The California Air Resources Board (CARB) has today agreed to reduce the number of zero-emissions vehicles carmakers are mandated to build each year by 70%, easing an earlier target that would have seen them sell up to 25,000 zero-emissions vehicles between 2012-2014. This figure has now been reduced to just 7,500, and only the top six carmakers have to meet the new regulation.

While the reduction may seem like a backwards step, the board is in instead focusing on viable technologies by increasing quotas for fuel-efficient vehicles such as hybrids and plug-in hybrids. In fact, from 2012 to 2014, the CARB has imposed a requirement on carmakers to sell a sizeable 66,000 plug-in hybrids.
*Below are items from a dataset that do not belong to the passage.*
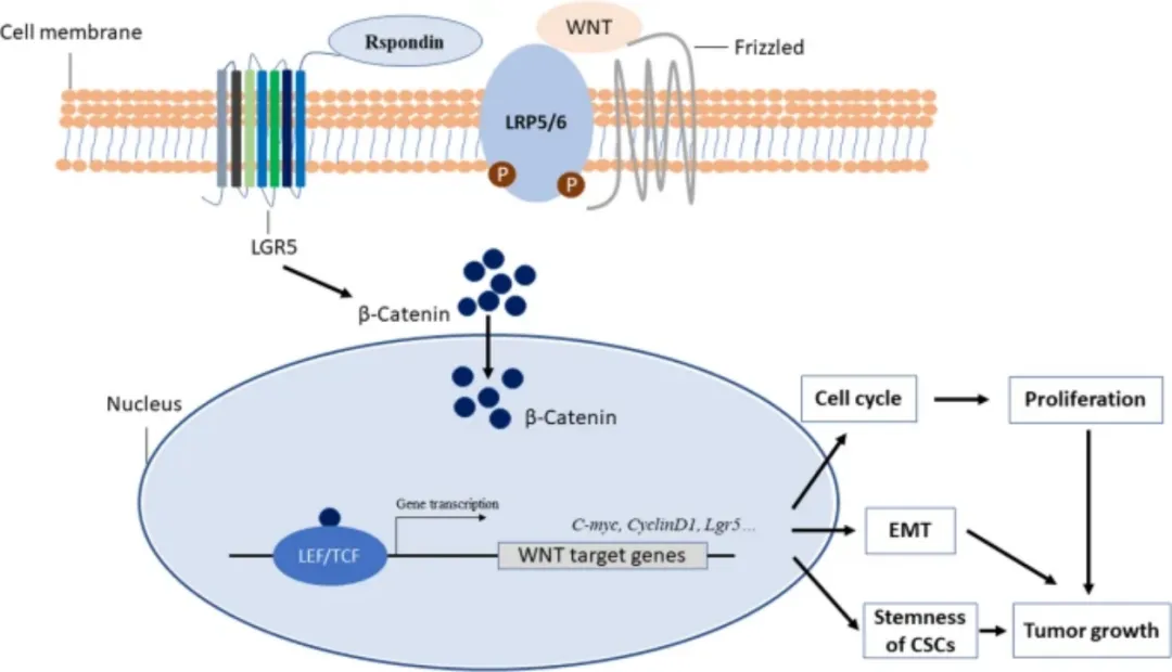 那么该靶点又跟癌症有什么关系呢?这个奥秘在于wnt通路之中。我们之前的文章中有提到,wnt通路与细胞的不正常生长和增殖是密切相关的,而LGR5靶蛋白质就是该通路之中的一员。具体来说,LGR5与癌症的关系可以概括为以下几点:
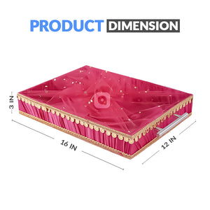 This Hot Pink Fancy Fabric Satin Tray is designed for gifting and festive use. Made with soft satin fabric and finished with clean detailing, it's suitable for placing sweets, dry fruits, or small items. The bright yellow color stands out and works well for wedding functions, religious events, or seasonal celebrations. Lightweight, reusable, and easy to handle for all your gift arrangements.
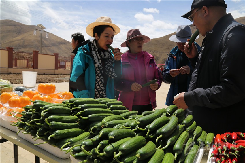 德格中扎科農(nóng)業(yè)產(chǎn)業(yè)園有機蔬果引得參觀考察者競相品嘗。
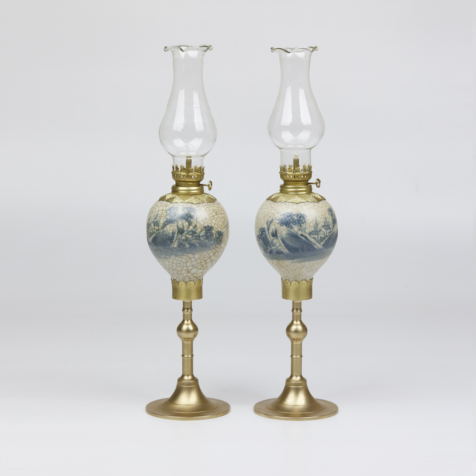 CẶP ĐÈN DẦU GỐM MEM RẠN BỌC ĐỒNG VẼ SƠN THUỶ
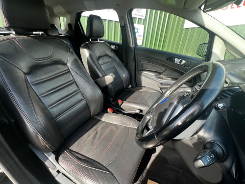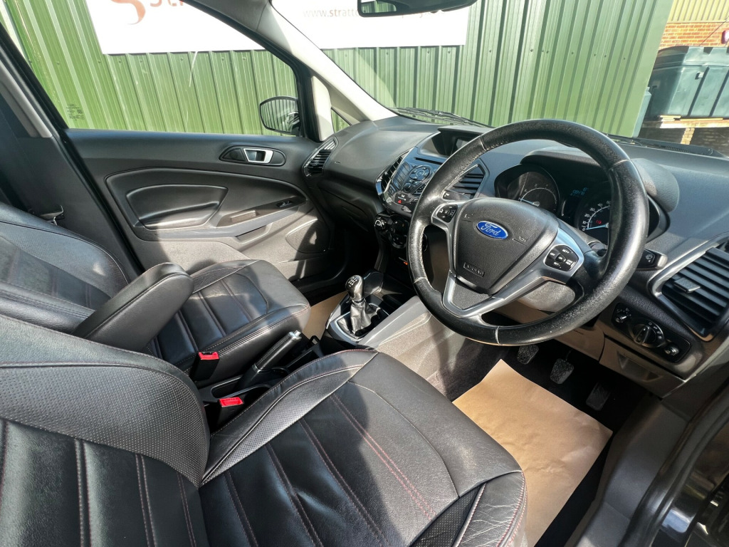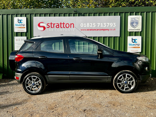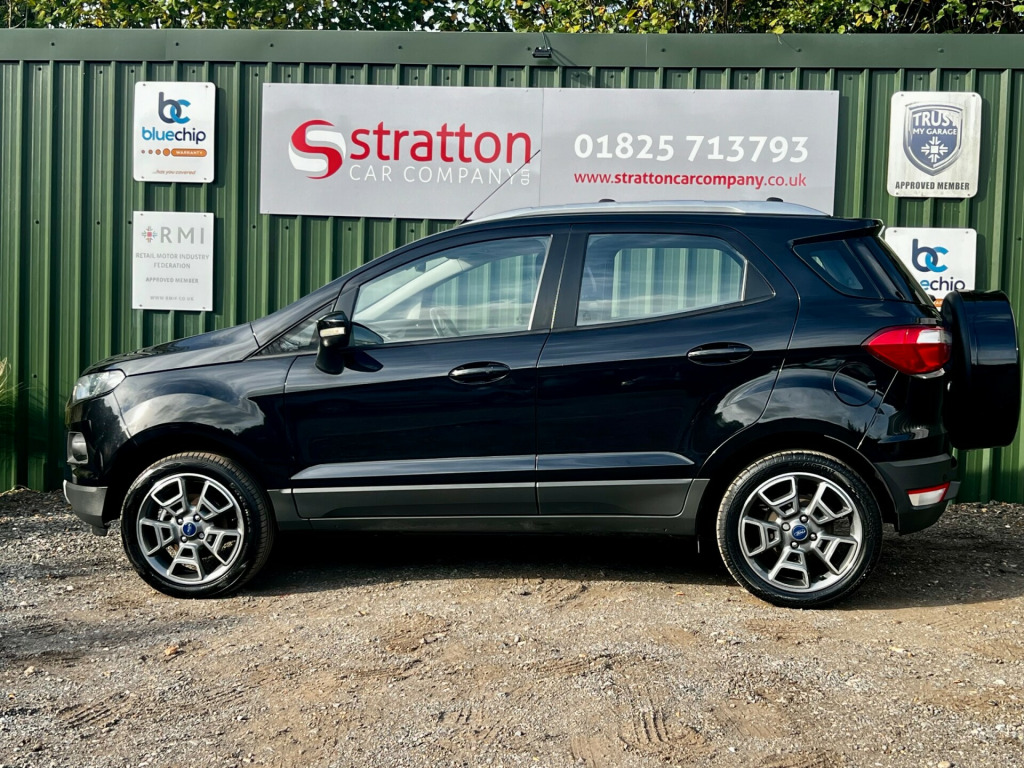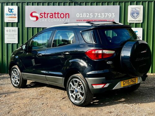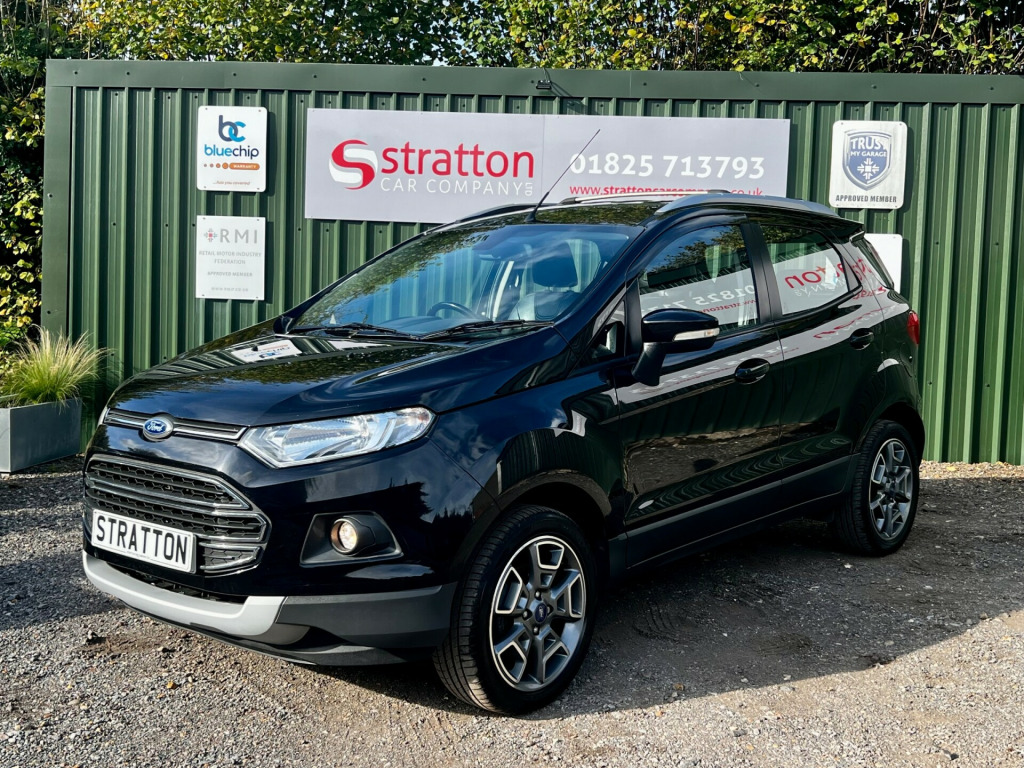 This 2015 Ford Ecosport 1.0 Titanium SUV with 67404 miles is a reliable and efficient choice for those in need of a practical vehicle. This 5-door, 5-seater runs on petrol and is ULEZ compliant, making it an environmentally-friendly option. With an impresive service history comprising of 8 stamps in the service book and Cambelt replacement May2024, this vehicle will also be serviced by ourselves in our own workshop where it will undergo a complete and meticulous mechanical inspection which has the backing of a 3 month BLUECHIP extendable warranty. We must add at this juncture that the majority of our customers tend to extend to the 12 month all mechanical all electrical warranty at the extremely competitive price of just £399+ VAT. Full details can be viewed at www.strattoncarcompany.co.uk This SUV will be ready to hit the road with confidence. Its 1.0T EcoBoost engine delivers 125 ps, providing ample power for any journey. The manual transmission and 2WD capability ensure a smooth and controlled driving experience. This Ecosport also comes with 16in Alloy Wheels, Full Leather Interior, Chrome Grille, Electric Windows, Silver Roof Rails, and Door Handle Integrated in Rear Light, adding both style and functionality to the vehicle. Whether for city commuting or outdoor adventures, this Ford Ecosport offers a comfortable and versatile driving experience for all. Offered for sale by Stratton car Company of Sussex A Family Run Business. in alloy wheels - 6 spoke, chrome grille - large, door handle integrated in rear light, electric windows - front and rear, silver roof rails, spare wheel with cover - alloy, abs - anti-lock braking system, airbag - front passenger, airbags - curtain, airbags - passenger deactivation, airbags - side impact, central locking - keyless entry, drivers airbag, front skid plates, rear skid plates, thatcham category 1 alarm, aux connection, radio cd player mp3 compatible, usb connection, card holder, eatc - electronic automatic temperature control - climate control, ford power starter button, glovebox - cooled, handbrake cover - leather, rake adjustable rear seat, rake and reach steering adjustable, seats - drivers lumbar support, seats - drivers manual height and tilt adjustment, slide out drawer under the front seat, steering wheel - audio controls, steering wheel - leather, stowage pockets - front seatback, sunglasses holder, dds - deflation detection system, power assisted steering, trip computer, tyre pressure monitoring system, daytime running lamps, front fog lights

The switch of focus to more complicated plug-in hybrids rather than zero-emission vehicles or non plug-in hybrids makes sense - if you're only driving short distances to and from work and around town, the car essentially becomes a zero-emissions vehicle as it will have enough power from its own battery. Proper-zero emission vehicles, meanwhile, are still some while away as manufacturers rush to reduce the high costs of fuel-cells and battery packs, currently the largest factor in the industry’s inability to release the clean vehicles to the market in high volumes.

Pictured above is the Karma luxury plug-in hybrid from California’s Fisker Coacbuild. The car is powered by a small petrol engine and an electric motor and can drive up to 50 miles on electric power alone.